Chances are, you’d like a raise. You probably even deserve one. But when it comes to negotiating a pay increase, it’s all about what the market will bear. This is true whether you’re negotiating a job offer or angling for a higher salary in your current role.
In other words, it’s not about your worth as a person or even about how effective you are at your job (although hitting your goals is obvious prerequisite for getting a pay increase). It’s about what your accomplishments, skills, and education can command in the job market in your specific geographic location.
How NOT to Find Out That You’re Underpaid
Let’s start with what not to do. It’s tempting to base your assessment of your compensation on what you hear. Your cubicle-mate brags about his salary, which is $10,000 more than yours — even though he came on board a year after you did. Your college roommate in the same field seems to have way more money than you do, despite living in a more expensive city.
Don’t be fooled. Even if you could count on people to be honest about their salaries — and that’s a big if — you’ll never get the full picture of who they are as a candidate. Your cubicle-mate might have a valuable certification that you don’t know about; your college roommate might just be bad at money. On the other hand, maybe they’re both genuinely making more money than you are, because they’re more adept negotiators — or for no good reason at all. You’ll never know for sure.The best way to find out whether you're underpaid isn't asking your friends how much they make.Click To Tweet
What to Do Instead
Take PayScale’s Salary Survey, and generate a free report with a salary range based on data from thousands of other people with your qualifications and job title in your location. The survey is the largest real-time salary survey in the world, with 150,000 new records added monthly, which means that it’s a lot more reliable than just asking around. (For more about how the survey works, see PayScale’s methodology.)
Once you’ve got your salary report in hand, it’ll be easy to see how your current compensation stacks up to the market. Then you can make a plan.
What to Do Next
If your pay is in line with the market, but you’d still like a raise, your next move to is to figure out how to get there. Would an additional certification help? Could you build your skillset in other ways, to make yourself more valuable to employers (either your current company or a new organization)? Where do you want to be in five years — and what do people in those roles have that you don’t (yet) have?

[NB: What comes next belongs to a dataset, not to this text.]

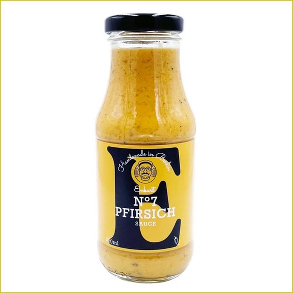 Eckarts Saucen werden in ehrlicher Handarbeit von ihm und seinem Team frisch gekocht und nicht auf Halde produziert. Jede Flasche geht mindestens einmal durch seine Hände, bevor das Etikett draufgeklebt wird. "Auf jeder Flasche steht sein Name", sagt er. "Das verpflichtet, und dafür stehe ich gerade." Die einzigartige Qualität seiner Saucen schmeckt man, besonders bei den Saucen mit viel Fruchtanteil wie seiner viel gerühmten Pfirsich-Senf-Sauce. Dabei handelt es sich um eine fruchtige Saucenkreation mit deftigem Senfaroma, leichter Schärfe und dezenter Hickorynote im Abgang. Perfekt auf Burgern, zu Pulled Pork, Lachs, Würstchen, Huhn, Nacken und und und ... Flascheninhalt 250 ml.
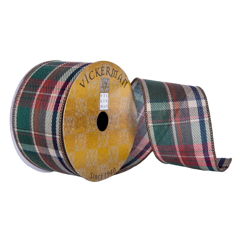 Vickerman 2.5" x 10 Yards Red Green Blue and Beige Soft Plaid Christmas Ribbon

PayScale’s Career Path Explorer can show you different career paths for someone in your job role, and what education and credentials you’d need to add in order to get there. It’s also a good idea to talk to people in your network who are doing what you hope to be doing in the future. They might have insight into how you can get from Point A to Point B. Don’t be afraid to ask for help — everyone loves talking about themselves and their careers, and most people are surprisingly ready to share their embarrassing career missteps. You could save yourself a lot of wasted effort.
If, on the other hand, your salary report shows that you’re underpaid, it’s time to ask for more money. Don’t be afraid to ask: data collected for PayScale’s Salary Negotiation Guide showed that 75 percent of people who asked for more money got some sort of pay increase. This piece provides a good primer on using salary data to negotiate a raise.
If your manager can’t find room in the budget for a raise, you’ll have to make a decision about whether to stay put — or start looking for your next job. But when you do move on, you’ll do so knowing what you should be paid … and how to ask for what you deserve.